To get a high-level understanding of the ScanBot, jump to the **Main** section.

## Preparation

In [1]:
%pip install -r requirements.txt

Collecting openai (from -r requirements.txt (line 1))
  Obtaining dependency information for openai from https://files.pythonhosted.org/packages/48/62/63419a90b502aa5a590c83ffbd30f0a93fe15aeb63d0374e898e612f4f03/openai-1.30.5-py3-none-any.whl.metadata
  Downloading openai-1.30.5-py3-none-any.whl.metadata (21 kB)
Collecting openpyxl (from -r requirements.txt (line 4))
  Obtaining dependency information for openpyxl from https://files.pythonhosted.org/packages/58/d9/796181a30827b12101786c21301f0f4536597a9249530916b1fdb5bbad91/openpyxl-3.1.3-py2.py3-none-any.whl.metadata
  Downloading openpyxl-3.1.3-py2.py3-none-any.whl.metadata (2.5 kB)
Collecting python-dotenv (from -r requirements.txt (line 5))
  Obtaining dependency information for python-dotenv from https://files.pythonhosted.org/packages/6a/3e/b68c118422ec867fa7ab88444e1274aa40681c606d59ac27de5a5588f082/python_dotenv-1.0.1-py3-none-any.whl.metadata
  Downloading python_dotenv-1.0.1-py3-none-any.whl.metadata (23 kB)
Collecting regex 

## Imports

In [1]:
import os
import openai
import yaml
import pandas as pd
import base64
import re
import shutil
import time

## Insert your API Key

In [2]:
openai.api_key = "sk-proj-iHrdMRQrydnSDtQUIzU6T3BlbkFJCoAngxToaT2????????"

## Helper Functions

In [60]:
# Function to load prompts from files
def load_prompt(file_path):
    with open(file_path, "r", encoding="utf-8") as file:
        return file.read()


# Function to analyze the document and extract meta data
def analyze_document(file_path, prompt):
    # create image data url
    with open(file_path, "rb") as file:
        image_url = 'TODO...' # TODO! Hint: How can you send an image via an API?

    try:
        response = openai.chat.completions.create(
            model="gpt-4o",
            messages=[
                # TODO! Hint: Use ChatGPT playground or Docs
            ],
            temperature=1,
            max_tokens=256,
            top_p=1,
            frequency_penalty=0,
            presence_penalty=0,
        )
        return response.choices[0].message.content
    except Exception as e:
        print(f"Error: {e}")
        # hard coded sleep time to avoid rate limit issues
        time.sleep(15)
        return analyze_document(file_path, prompt)

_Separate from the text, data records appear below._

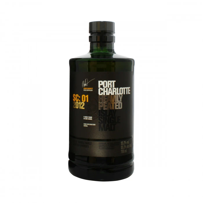 Bruichladdich present this wonderfully bbq smoky sweet expression, released as a part of their heavily peated Port Charlotte range. The single malt has been made with 100% Islay barley, and matured in a combination of sherry butts and American oak casks with a finish in Sauternes wine casks. Bottled at 55.2% abv, and free from chill filtration.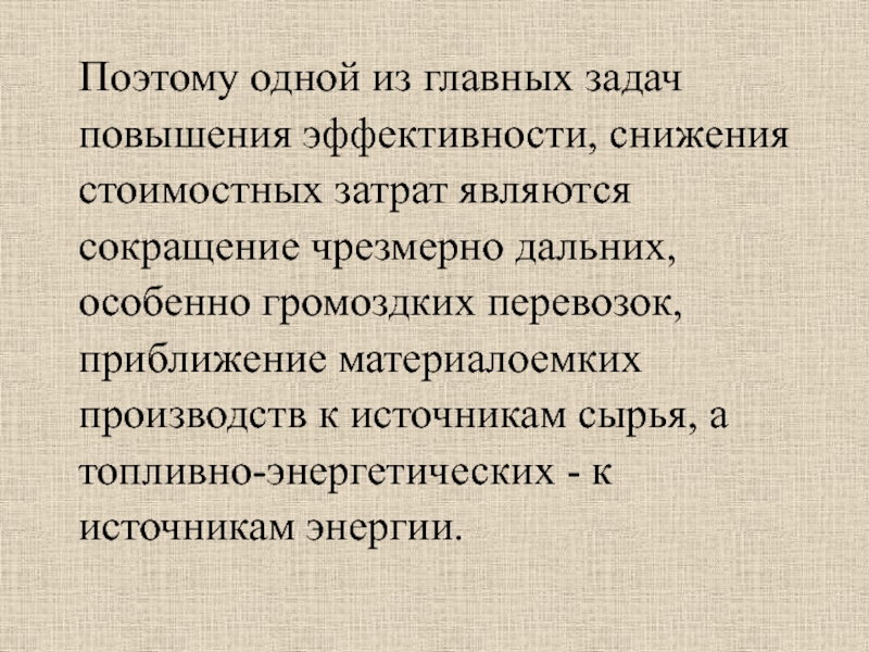являются сокращение чрезмерно дальних, особенно громоздких перевозок, приближение материалоемких производств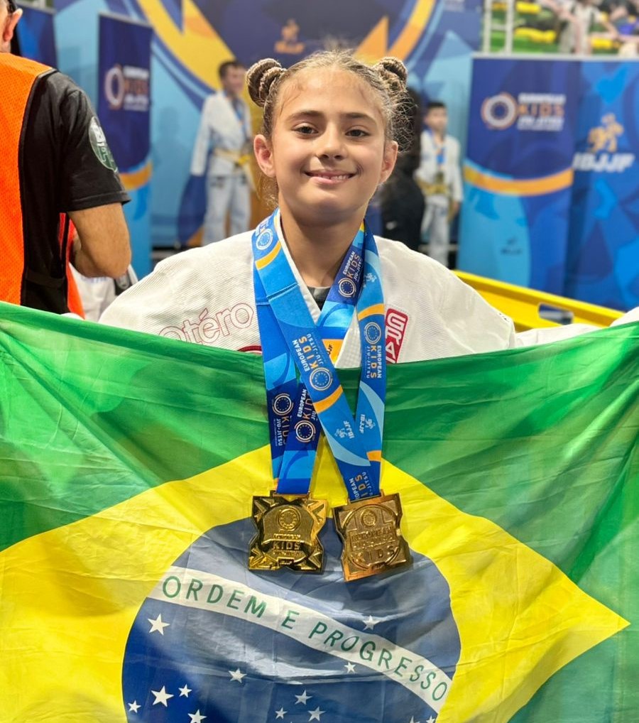 A atleta catarinense Jade Mendonça se consagrou, no sábado (17), bicampeã europeia de jiu-jítsu, categoria kids. A competição foi realizada na cidade de Roma, na Itália, e a “Princesa Jade”, como é conhecida nas artes marciais, repetiu o feito de 2023 e venceu a competição pela segunda vez em sua carreira.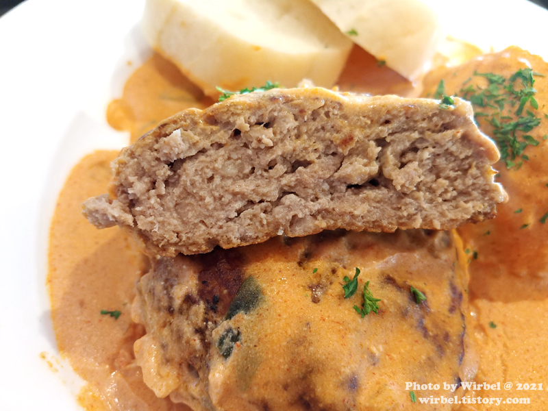 함박스테이크는 이전과 모양이 조금 달라졌습니다.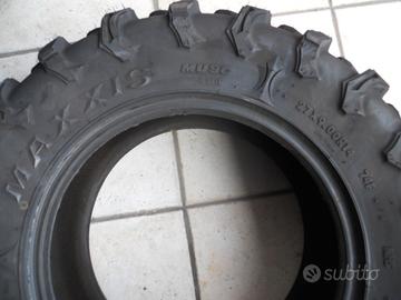 vendo per inutilizzo gomme tassellate da 27’’ per quad e ATV marca Maxxis Coronado NUOVE mai usate vedi foto. Misure gomme anteriori 27-9 R14 posteriori 27-11 R14. Montano su tutti i side by side ideale per Polaris RZR e Ranger 800 e 900 e per quad utility Polaris Sportsman, Scrambler, Can am Renegade Outlander 500 570 800 1000 con cerchio da 14 pollici. Prezzo euro 450 non trattabile. Volendo posso spedire con spese a carico dell’acquirente, tel 3409195866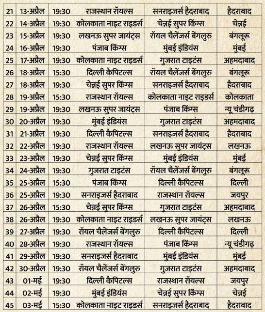 बीसीसीआई ने पहले 12 अप्रैल तक के मैचों का कार्यक्रम जारी किया था और अब 13 अप्रैल से 24 मई तक का शेड्यूल बता दिया है। दूसरे चरण में 12 वेन्यू पर आईपीएल के मुकाबले खेले जाएंगे, जबकि आईपीएल 2026 में कुल 13 स्थानों पर मैच होंगे। दूसरे चरण में बंगलूरू, मुंबई, चेन्नई, कोलकाता, दिल्ली, अहमदाबाद, हैदराबाद, लखनऊ, जयपुर, धर्मशाला, रायपुर और न्यू चंडीगढ़ में मुकाबले होंगे। पहले चरण में गुवाहाटी भी आईपीएल मैचों की मेजबानी कर रहा है, लेकिन दूसरे चरण में वहां मैच नहीं होंगे। दूसरे चरण की शुरुआत 13 अप्रैल को सनराइजर्स हैदराबाद और राजस्थान रॉयल्स के खिलाफ हैदराबाद में होने वाले मैच से होगी। वहीं, लीग चरण का अंतिम मैच 24 मई को केकेआर और दिल्ली कैपिटल्स के बीच कोलकाता में खेला जाएगा।

# Function to generate a filename based on meta data
def generate_filename(meta_data):
    # <doc type>_<date>_<title>.jpg
    # if any of the fields are missing, use "unknown"
    string = ""
    string += str(meta_data.get("document_type", "unknown")) + "_"
    string += str(meta_data.get("author", "unknown")) + "_"
    string += str(meta_data.get("date", "unknown")) + "_"
    string += str(meta_data.get("title", "unknown"))
    # Make sure that the filename is a valid filename
    string = re.sub(r"[^\w\s-]", "", string)
    return string + ".jpg"


# Function to save meta data to a YAML file
def save_meta_file(meta_data, meta_file_path):
    # Save json file as yaml
    with open(meta_file_path, "w", encoding="utf-8") as file:
        yaml.dump(meta_data, file, default_flow_style=False,
                  allow_unicode=True)


# Function to save meta data to CSV and Excel files
def save_meta_data_to_csv_excel(meta_data_list, csv_path, excel_path):
    # check if the csv file exists
    if not os.path.exists(csv_path):
        existing_df = pd.DataFrame()
    else:
        existing_df = pd.read_csv(csv_path)

    new_df = pd.DataFrame(meta_data_list)
    merged_df = pd.concat([existing_df, new_df]).drop_duplicates(subset='original_filepath')
    merged_df.to_csv(csv_path, index=False, encoding="utf-8")
    merged_df.to_excel(excel_path, index=False)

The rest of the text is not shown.